Data extracted from a collection:
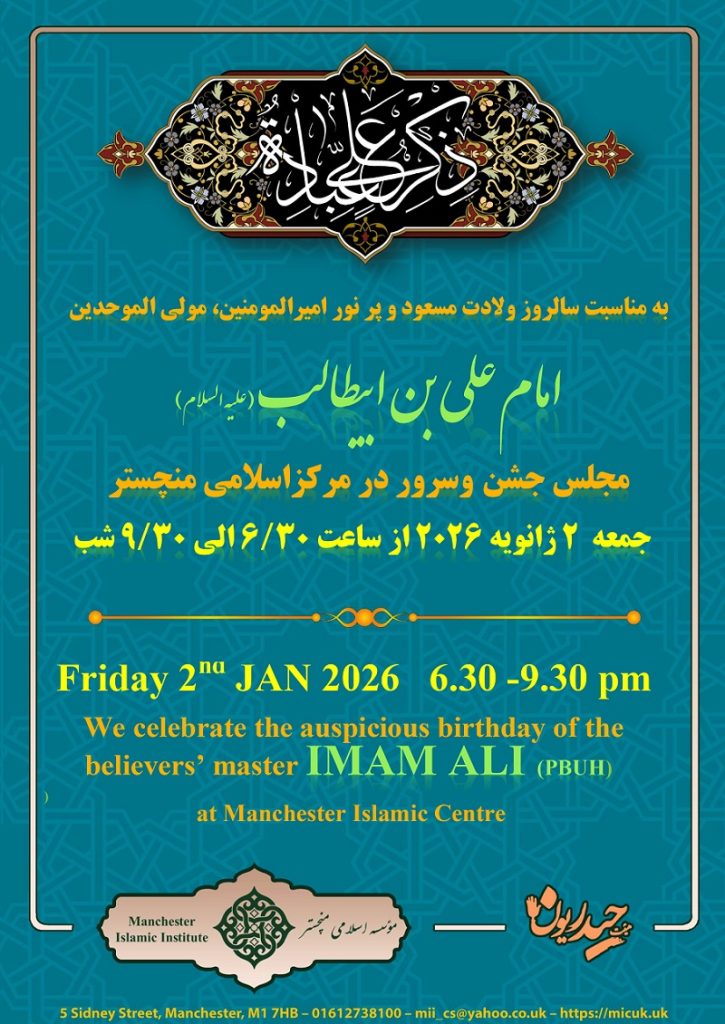 این آیین جشن و سرور، روز جمعه دوم ژانویه ۲۰۲۶ از ساعت ۶:۳۰ تا ۹:۳۰ شب در محل مرکز اسلامی منچستر برگزار خواهد شد.
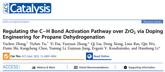 近日,kaiyun开云官方黎汉生教授团队在丙烷脱氢催化剂结构调控与C-H键活化机制方面取得重要进展。相关研究成果以“Regulating the C–H Bond Activation Pathway over ZrO2 via Doping Engineering for Propane Dehydrogenation”为题,在催化领域顶级期刊《ACS Catalysis》上发表(DOI:10.1021/acscatal.3c01002)。该工作以kaiyun开云官方为第一通讯单位,黎汉生教授和张耀远预聘助理教授为共同通讯作者,硕士研究生张雨宸和于宜辰为该论文的共同第一作者。
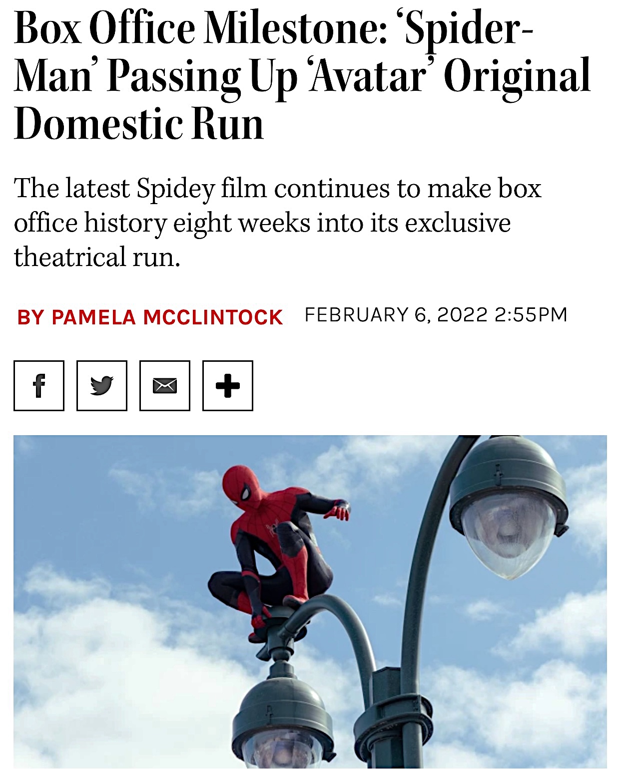 The Academy members, it seems, are too blind and obstinate to understand that Spider-Man: No Way Home deserves a serious “thank you” for levitating theatrical, not just in terms of revenues but from the buoyantspiritofthefilm and the overall joy factor…if they don’t understand that a single Best Picture nomination (oneoutoften!) is the least they can do to celebrate the fact that S-M: NWH delivered a spiritual booster shot that lifted all boats…if they’re too old and out of touch to at least recognize what this film managed to do and thereby give it a Best Picture nomination in tribute, then you know what? Tohellwiththem. The Oscars are an island unto themselves and whatever happens, happens.
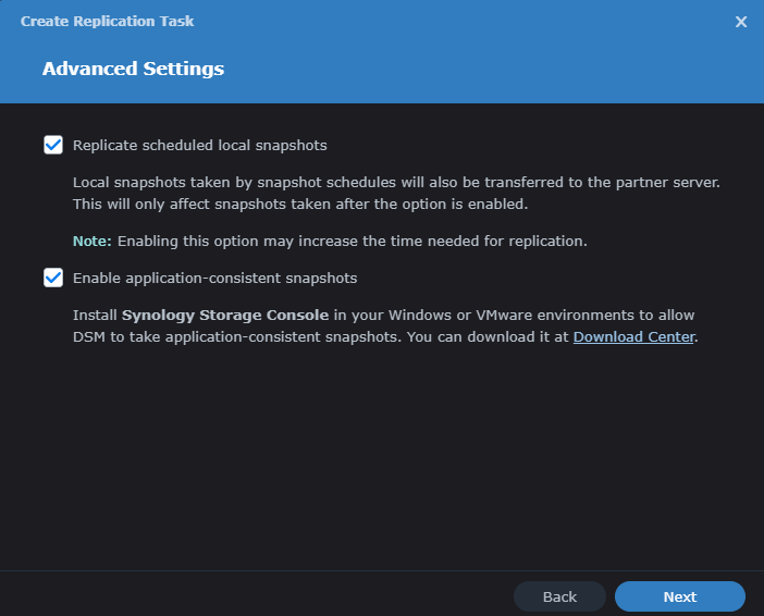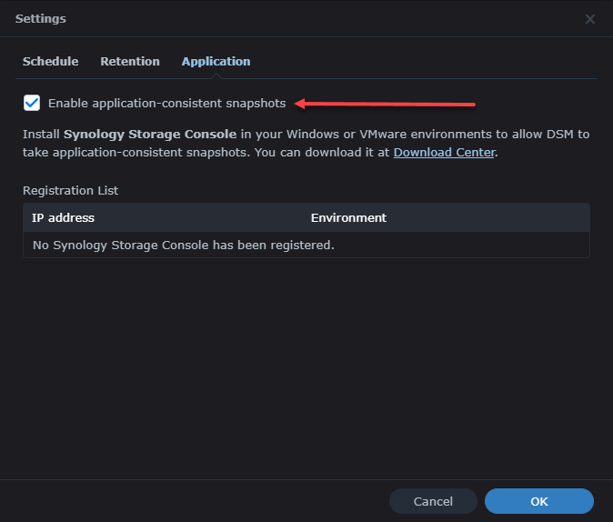 - Application - this allows application consistent snapshots but requires the Synology Storage Console within your VMware environment
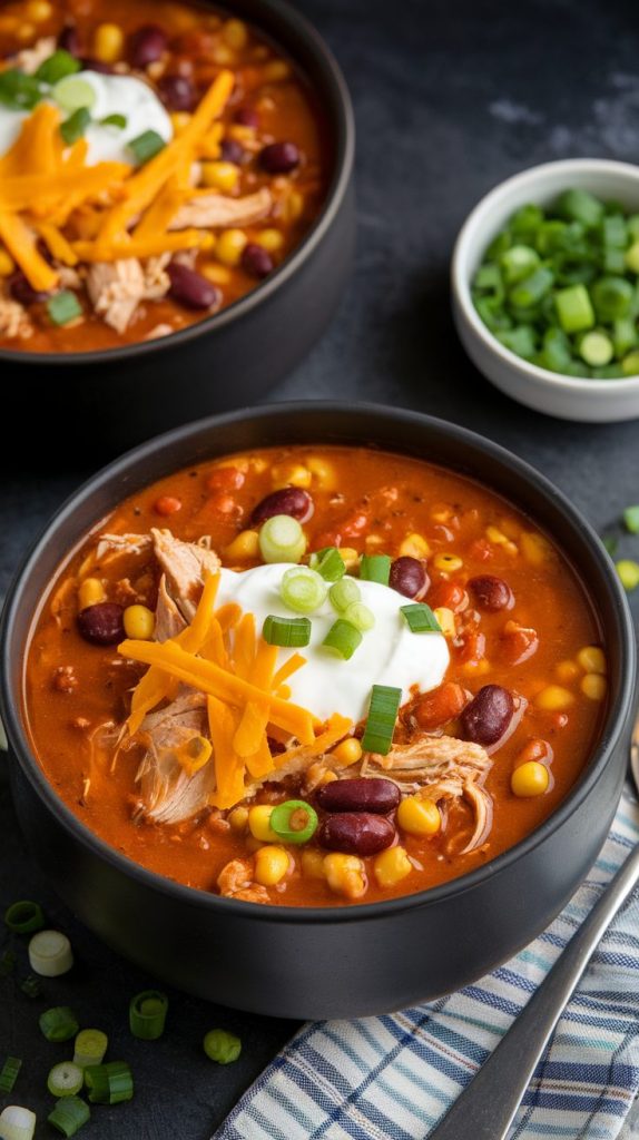 9. Slow Cooker Shredded Chicken Chili Soup
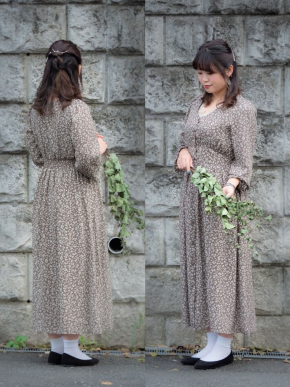 ヴィンテージライクなフラワープリント🌼*・ 落ち着いたブラウンに優しい白のみの花柄なので、羽織やインナーで印象が変わるのも魅力◎ ウエスト切り替えのエンパイアラインが、脚長見え効果も期待できます(嬉しい!) 首のデコルテも綺麗に見えるので、これからの時期、タートルネック等ともレイヤードするのが楽しみです🌱
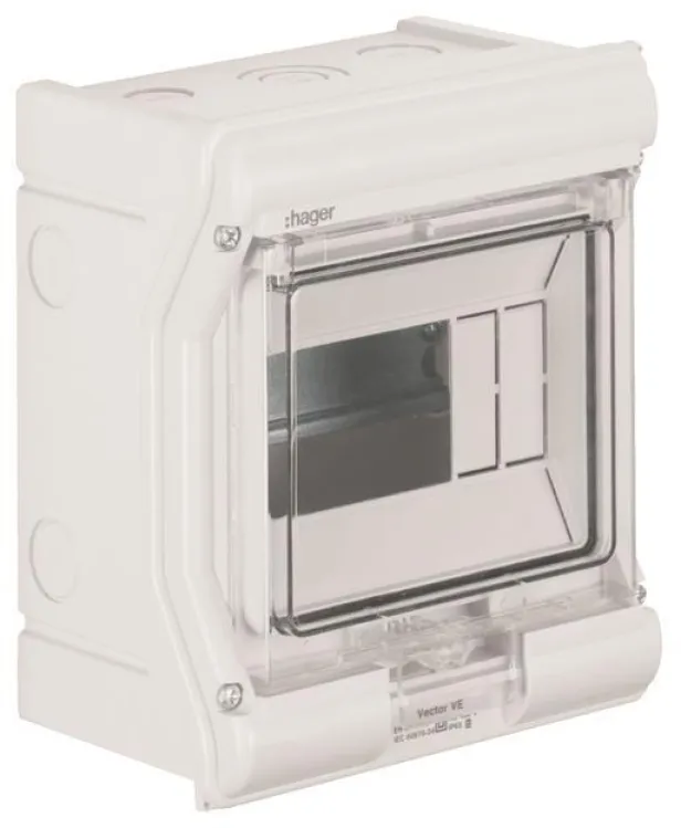 Der HAGER VE106PN Kleinverteiler Vector ist die optimale Lösung für sichere und langlebige Elektroinstallationen im Innen- und Außenbereich. Mit seinem kompakten Format (1x6TE) und der Schutzart IP65 schützt dieser Aufputz-Verteiler Ihre elektrischen Komponenten zuverlässig vor Staub, Feuchtigkeit und mechanischen Einwirkungen. Das robuste Gehäuse aus schlagfestem, UV-beständigem Polycarbonat (RAL 7035, lichtgrau) sorgt für eine hohe Lebensdauer – auch bei direkter Sonneneinstrahlung oder in anspruchsvollen Umgebungen.
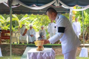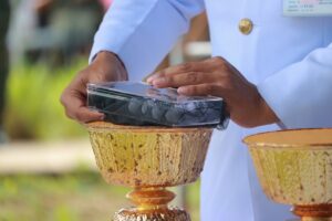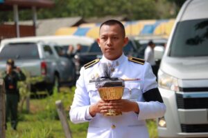 ขณะที่มีการอัญเชิญดินพระราชทานถึงบริเวณพิธี ญาติและข้าราชการตั้งแถวรับดินพระราชทาน โดยเจ้าหน้าที่ อัญเชิญดินพระราชทานวางบนหลุมฝังศพผู้วายชนม์ ผู้นำศาสนาอ่านฟาตีฮะ ร่วมสวดดูอาร์ และผู้เข้าร่วมในพิธีต่างยืนสงบนิ่งเพื่อไว้อาลัยแก่ผู้วายชนม์ โดยมี นางสาว ตัสนีม หะยีเลาะ บุตรสาว อ่านสำนึกในพระกรุณาธิคุณ แด่ผู้วายชนม์ และนางศศิธร หะยีเลาะ ภรรยา เป็นผู้อ่านประวัติผู้วายชนม์ ท่ามกลางความปลาบปลื้มแด่ญาติและครอบครัวที่ต่างซาบซึ้งในพระมหากรุณาธิคุณ ที่พระบาทสมเด็จพระปรเมนทรรามาธิบดีศรีสินทร มหาวชิราลงกรณ พระวชิรเกล้าเจ้าอยู่หัว ทรงมีต่อครอบครัวผู้วายชนม์
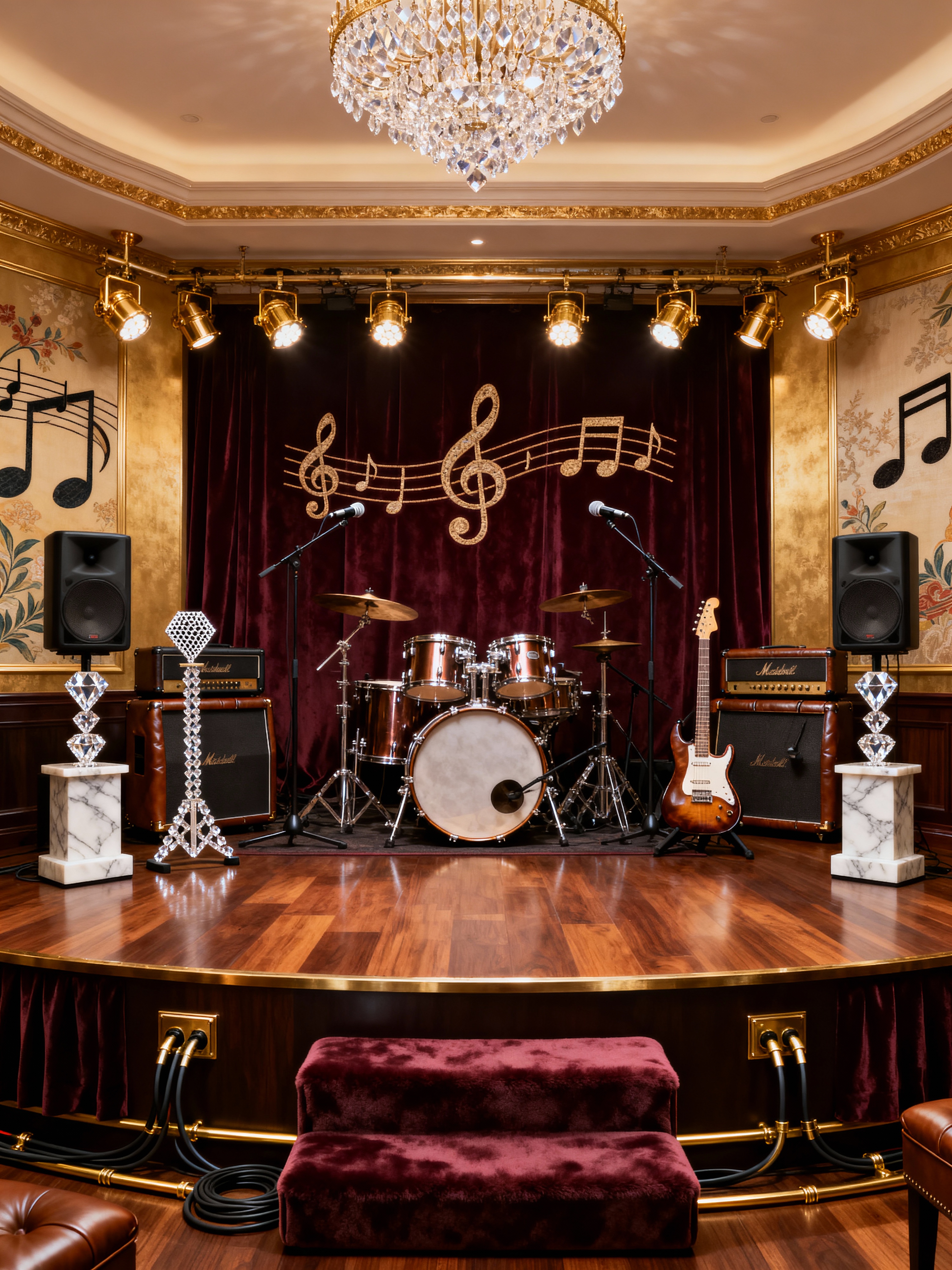 music stage with luxury style with drum kit and amplifiers and guitar stands and stage lights and backdrop and stage monitors and microphones and cables. . with sophisticated style and custom pieces and high-end materials and exclusive design and lavish comfort and premium finishes and expensive fabrics and opulent details
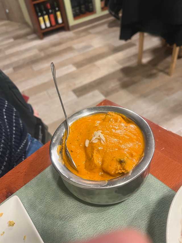 - (Anacardos cocidos en una salsa espesa y especiada de tomate y crema.)
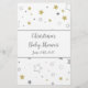 This baby shower game card features a script modern font on white background with grey and gold stars, perfect for a baby boy, baby girl or a surprise! Use this card for your gender reveal party!
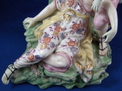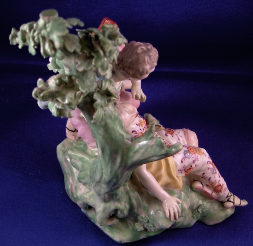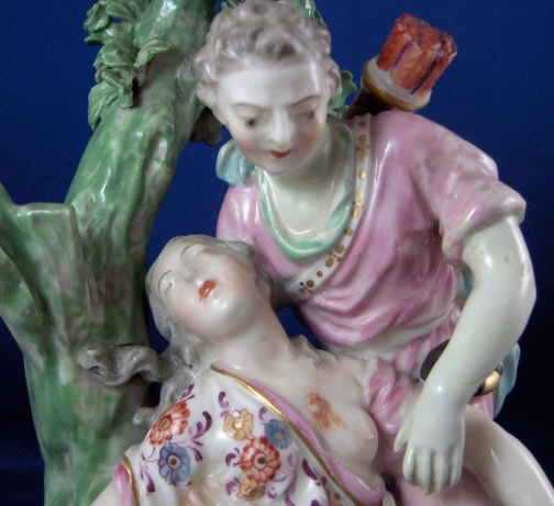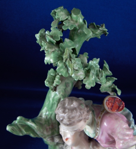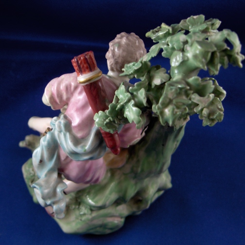 This is a rather large figurine of a hunter and a lady made by Derby in the 18th century. It is 7.25 inches tall, 4.5 inches wide and 6.5 inches deep. Quite a heavy piece! The figure is in good condition with some damage to the top of the tree that is not bad. Also some good restorations to his left arm, her left hand and some of her right fingers, her foot sticking out and his neck. They are well done but the restoration areas have turned greenish and thus one can tell. Never seen that before. I don't think the restorations are too extensive but it is hard to tell. It is a superb figurine when on display. The piece is only marked with the typical Derby number type mark - N75. It has the patch marks as well as the typical hole for a Derby piece so no doubt it is genuine. Please email me for more information or other pictures.
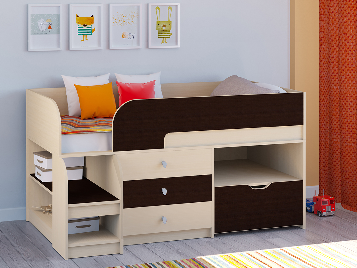 Кровать-чердак Астра 9 превосходно подойдет для детей раннего возраста. Компактная конструкция кровати позволяет сэкономить место в комнате и в то же время хранить массу необходимых вещей. Три вместительных ящика подходят для хранения детских принадлежностей, одежды или книг. На просторной полке можно разместить массу книг. А большой, глубокий ящик позволит хранить огромное количество детских игрушек. На двух больших полках, переходящих в лестницу, ребенок может "выставлять напоказ" свои игрушки или творческие поделки.
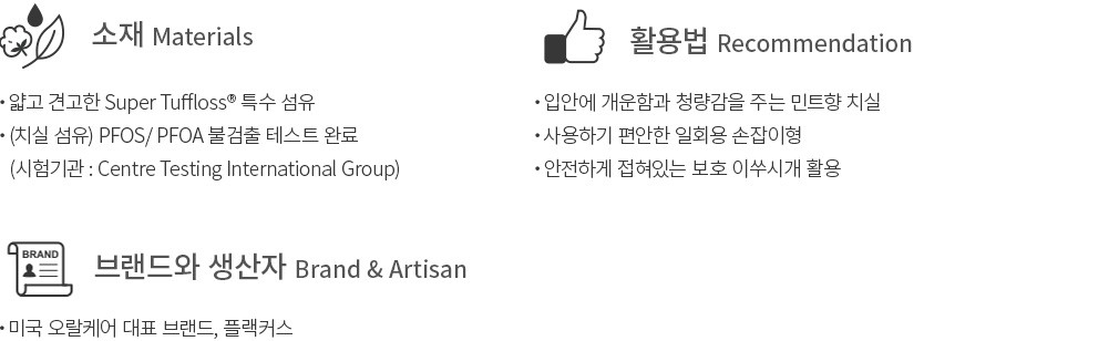 ・특징 : 민트향을 코팅한 얇고 강도 높은 치실로, 구강을 개운하고 청량하게 만들어줍니다.
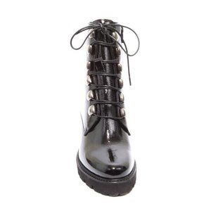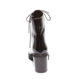 Italian Black Patent Leather Lace-Up Zip-Up Ankle Heel Boots
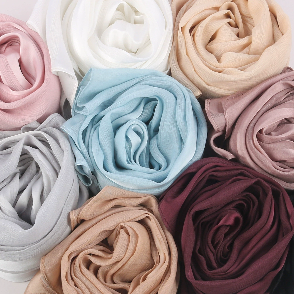 Solid Color Natural Wrinkle Soft Gauze Scarf
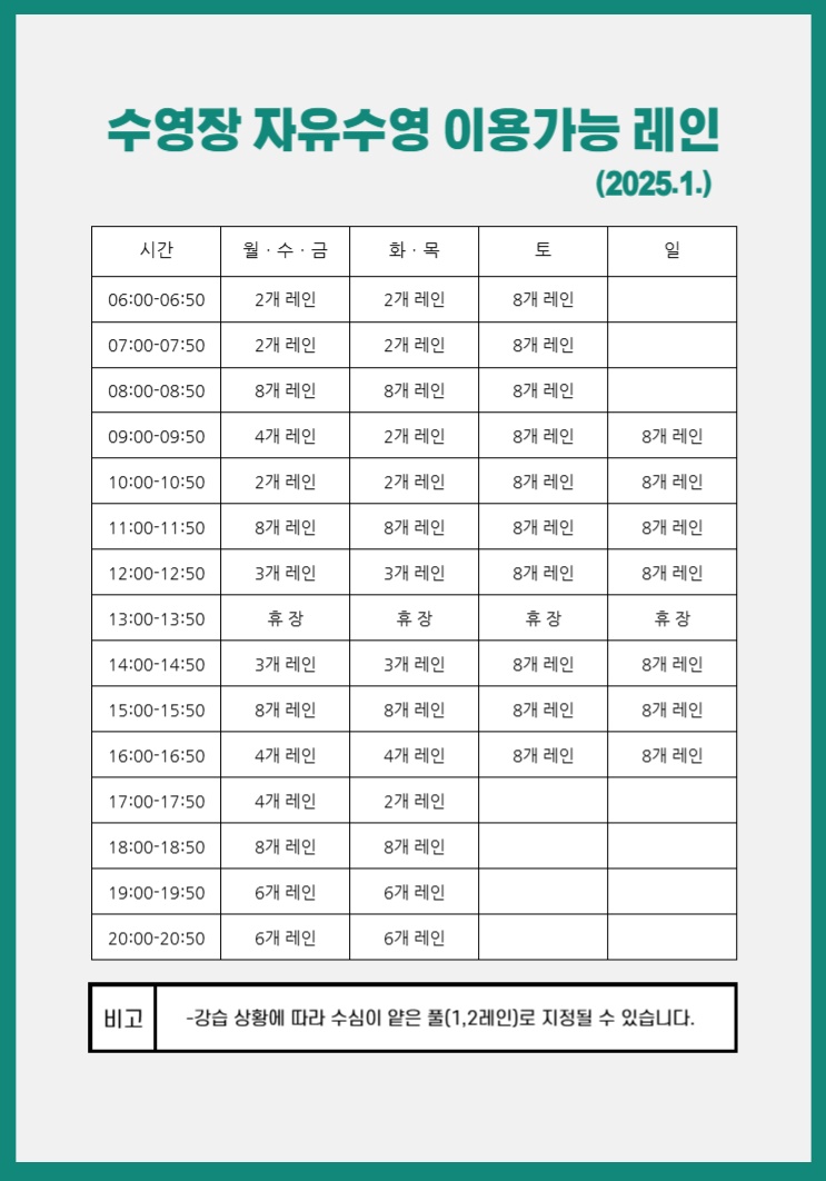 화성반월체육센터 2025년 1월 자유수영 이용가능 레인 안내 작성자 관리자 작성일 2024년 12월 27일 14시 4분 40초 조회 1,485 자유수영레인.jpg [ Size : 155.42KB, Down : 2,376 ] 미리보기 다운로드 목록보기

Task: The lines to set down run from the line with "- Application - this" up to and including the line with "Der HAGER VE106PN" in the entries above. Reproduce them exactly, with no pictures.

Written reply:
 - Application - this allows application consistent snapshots but requires the Synology Storage Console within your VMware environment
 9. Slow Cooker Shredded Chicken Chili Soup
 ヴィンテージライクなフラワープリント🌼*・ 落ち着いたブラウンに優しい白のみの花柄なので、羽織やインナーで印象が変わるのも魅力◎ ウエスト切り替えのエンパイアラインが、脚長見え効果も期待できます(嬉しい!) 首のデコルテも綺麗に見えるので、これからの時期、タートルネック等ともレイヤードするのが楽しみです🌱
 Der HAGER VE106PN Kleinverteiler Vector ist die optimale Lösung für sichere und langlebige Elektroinstallationen im Innen- und Außenbereich. Mit seinem kompakten Format (1x6TE) und der Schutzart IP65 schützt dieser Aufputz-Verteiler Ihre elektrischen Komponenten zuverlässig vor Staub, Feuchtigkeit und mechanischen Einwirkungen. Das robuste Gehäuse aus schlagfestem, UV-beständigem Polycarbonat (RAL 7035, lichtgrau) sorgt für eine hohe Lebensdauer – auch bei direkter Sonneneinstrahlung oder in anspruchsvollen Umgebungen.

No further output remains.